But after the war she got more curious about the Azerbaijani perspective, and a friend invited her to a closed Facebook group, Kavkazskiy Perekrestok (Russian for “Caucasus Crossroads”). Created in January, it now has more than 1,000 members and features multiple posts a day ranging from serious discussions about the conflict to self-deprecating memes and simply pretty pictures from Baku and Yerevan, which gather dozens of likes from users of both nationalities.
“I immediately jumped at the chance” to join the group, Baghdasaryan told Eurasianet. “Every day the group has more and more people, and the tone is more and more calm and friendly. This group is a break from the rest of Facebook, where it’s only hate and insults.”
The friendly tone isn’t a given. The group has eight moderators, evenly distributed between Armenians and Azerbaijanis, and there is a long list of rules. Members can only invite people “whom you know personally and whose peaceful approach is certain.” Users are required not to quibble about place names or flags in profile photos: “There was just a war, and people support ‘their’ side. This is normal.” Comments are required to be respectful, and avoid “insults, vulgarity, personal attacks, and stoking nationalism.”
Facebook even shut down an earlier version of the group because comments got out of control. The earlier group also was the subject of a hit piece on Sputnik Armenia that accused its Armenian participants of being too solicitous toward Azerbaijanis. But a new group of organizers and moderators reformed it.
“It’s not easy to make sure all the rules are being followed in such a complex group and at the same time remain impartial,” the moderators said in a joint response to written questions from Eurasianet. “People get tired and burnt out” and new moderators regularly replace them.
The efforts have paid off, though.
“This group is the only place on the social networks where both Armenians and Azerbaijanis can free themselves from any prejudices towards each other,” said another active user, Elchin Karimov, a 32-year-old Azerbaijani now living in Canada and working as a business consultant. He joined because he is “tired of this conflict, of this hatred towards Armenians and their hatred towards my people,” he told Eurasianet.

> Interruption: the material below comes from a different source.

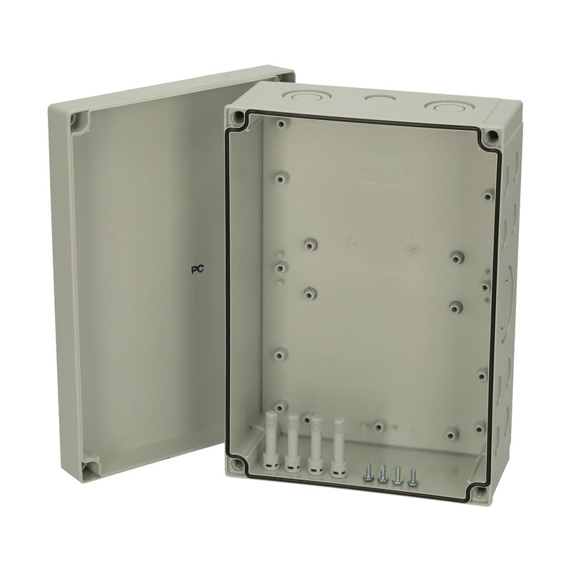 MNX PCM polykarbonaattikotelo, 255x180x100, metriset läpilyöntiaihiot, extra korkea alaosa, harmaa, alaosa PUR-tiivisteellä, 4 kpl ruuvit asennuslevylle/DIN-kiskolle, 4 kpl polyamidi kansiruuvia, IP66/67, IK08
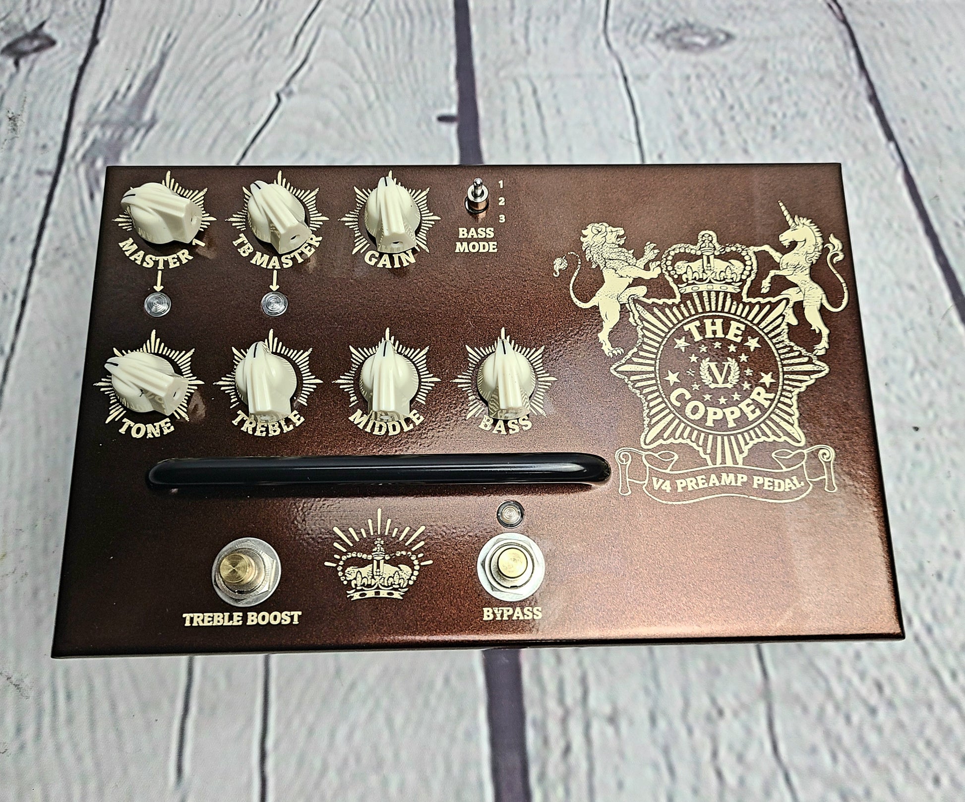 V4 The Copper is a pedal preamp that delivers genuine all-valve clean and overdrive. Use it straight into the front of your amp or recording interface, or alternatively use it in conjunction with your amp's FX loop to bypass the front end of your existing amp entirely for a whole new sound experience. This is definitely no 'ordinary' overdrive pedal!

“After the war, I finally overcame any last prejudices toward our neighbor and seeing Armenians craving peace and friendship made me believe even more that our two nations are 99 percent the same,” Karimov said. “I hope my children, who are born abroad, will witness this peace as I am trying to raise them without hate or prejudice towards anyone – something that no one taught me in school and I still have to learn myself.”